# all the coke was drunk by neil and his friends



## Inglip

An example of an "in verb" The English is the source text. Is this correct?

all the coke was drunk by neil and his friends last night at james' party
Inomin ni neil at kanya kaibigan ng lahat coke kahapong gabi sa ang party ni james.

Thank


----------



## 082486

Ininum ni Neil at mga kaibigan niya ang lahat ng coke sa kasiyahan ni James.

kasiyahan:  party (it's kinda awkward to say that, but that's all I can think of right now)

if it's birthday party = kaarawan


----------



## Inglip

Thanks man.


----------



## DotterKat

All the Coke was drunk by Neil and his friends last night at James' party. (OR Neil and his friends drunk all of the Coke last night at James' party.)

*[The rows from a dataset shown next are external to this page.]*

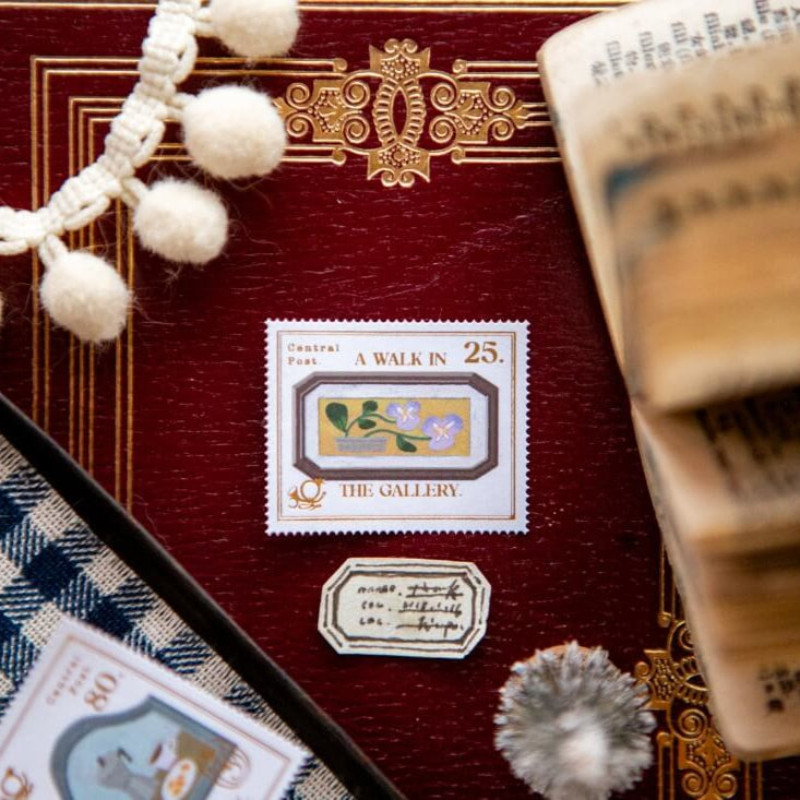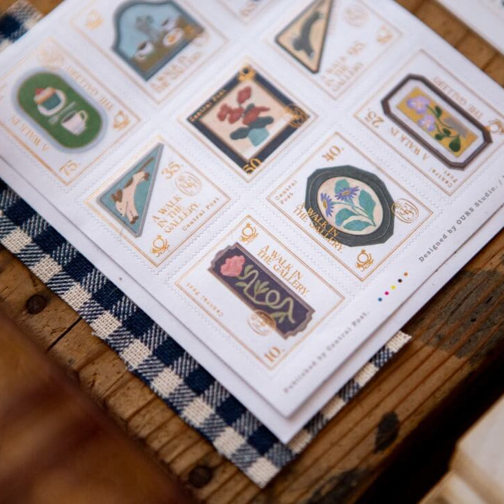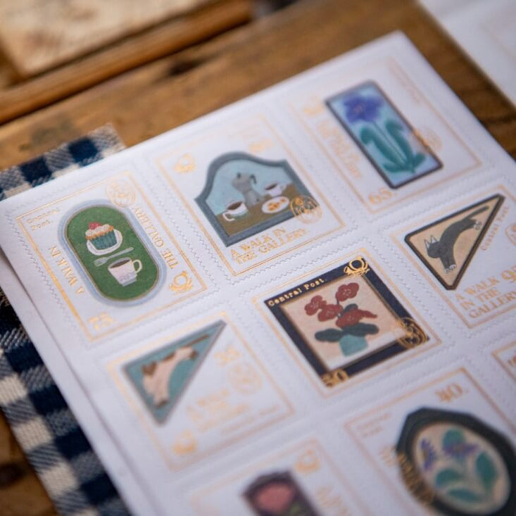 Discover the captivating tales held within each window. These postage-stamp-inspired sticker sheet showcases intricate illustrations by , adorned with elegant gold foil accents.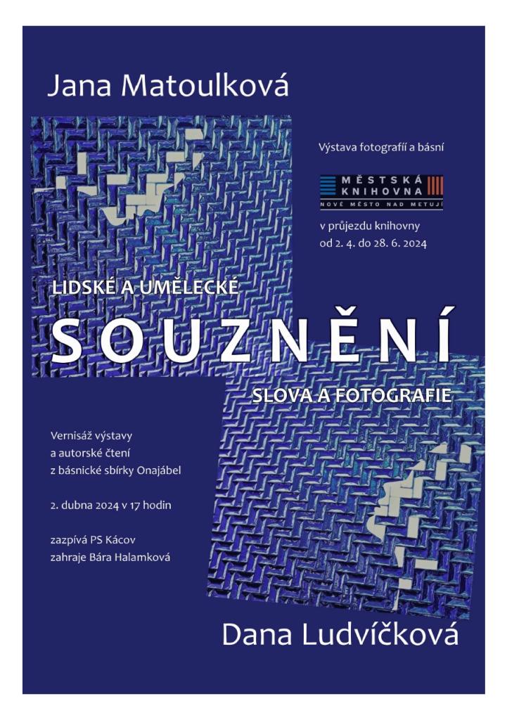 Vernisáž proběhne 2. 4. 2024 od 17 hod. Vystoupí pěvecký sbor Kácov a na klávesy zahraje Bára Halamková.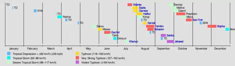 The season's first named storm, Pakhar, developed on March 28 while the last named storm, Wukong, dissipated on December 29. The season became very active between mid-July and mid-August, with nine named storms formed during the period. Vicente underwent explosive intensification and made landfall over the west Pearl River Delta as a strong typhoon. Damrey developed into a typhoon in the Yellow Sea and became the most intense tropical cyclone to make landfall north of the Yangtze River since 1949. Typhoon Haikui, although centred far away from the Philippines, killed at least 89 people in the country. Typhoon Tembin affected Taiwan twice because of its cyclonic loop.
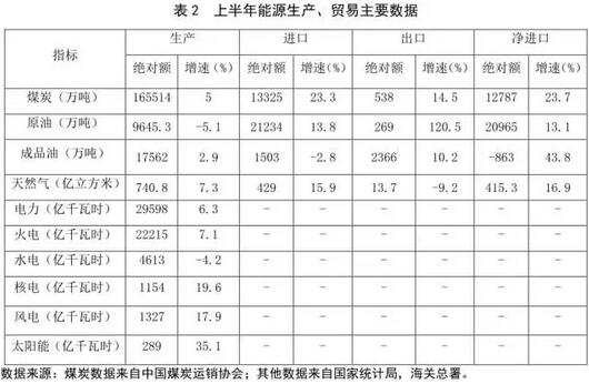 總體上看,上半年能源生產增速都有顯著提高,能源進口仍保持高速增長態(tài)勢。其中,煤炭產量165514萬噸,同比增長5%,由第一季度的負增長轉為正增長;煤炭進口量13325萬噸,同比增長23.3%,增幅較去年全年(25.2%)收窄1.9個百分點;出口量538萬噸,同比增長14.5%,而去年全年煤炭出口量增長64.5%;凈進口量12787萬噸,同比增長23.7%。原油產量9645.3萬噸,同比下降5.1%,降幅較去年全年(6.9%)收窄1.8個百分點;原油進口量21234萬噸,同比增長13.8%,增幅較去年全年(13.6%)增長0.2個百分點;出口量269萬噸,同比增長120.5%,增幅較去年全年(2.6%)提高117.9個百分點;凈進口量20965萬噸,同比增長13.1%。成品油產量17562萬噸,同比增長2.9%;進口量1503萬噸,同比下降2.8%,降幅較去年全年(6.5%)收窄3.7個百分點;出口量2366萬噸,同比增長10.2%,增幅較去年全年(33.7%)收窄23.5個百分點;凈出口量863萬噸,同比增長43.8%。天然氣產量740.8億立方米,同比增長7.3%,增幅較去年全年(2.2%)提高5.1個百分點;天然氣進口量429億立方米,同比增長15.9%,增幅較去年全年(22.0%)收窄6.1個百分點;出口量13.7億立方米,同比下降9.2%,而去年全年天然氣出口量增長4.1%;凈進口量415.3億立方米,同比增長16.9%。
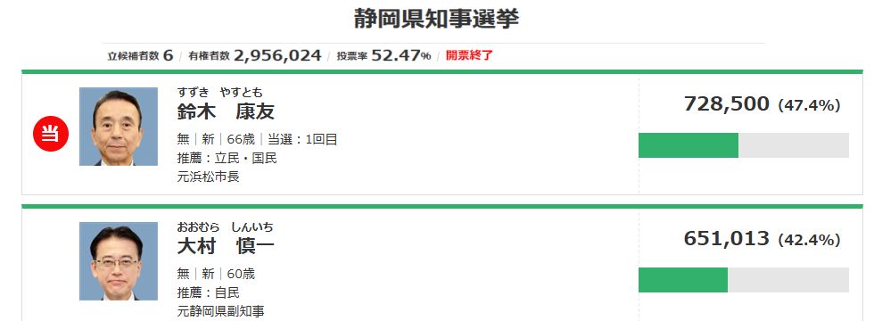 静岡県知事選・予想通りの結果に地域別の投票結果を見ると浜松など西部地区で圧倒的に強かった当選者、でも静岡市では逆転されていたという 面白い結果だった。産業が集積する浜松とその周辺にくらべ、静岡地区は漁業以外の産業がほぼない(大学生の就職先もない)。 |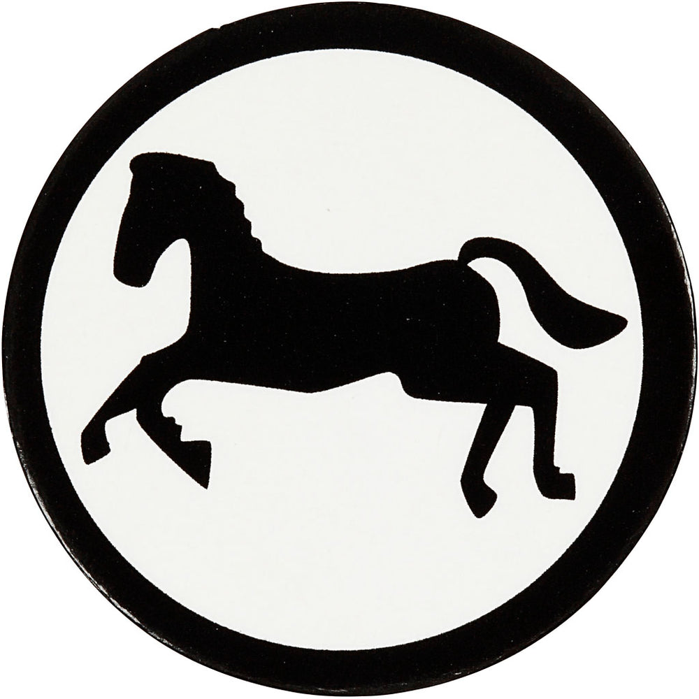 Creativ company label, paard, d 25 mm, wit zwart, 20 stuk 1 doos

Ininum ni Neil at _ng_ mga kaibigan niya ang lahat ng Coke sa party ni James kagabi.

Taglish is quite acceptable in this context, though as noted above, _kaarawan_ can be used if it was a birthday party. _Salo-salo_ would be another good word, but still, _party_ is the appropriate choice in this sentence.


----------



## Inglip

Thanks again


----------



## niernier

I go with DotterKat's translation. The word 'party' need not be translated to Tagalog. Kasiyahan ni James can mean James' happiness so you would rather use the word party.


----------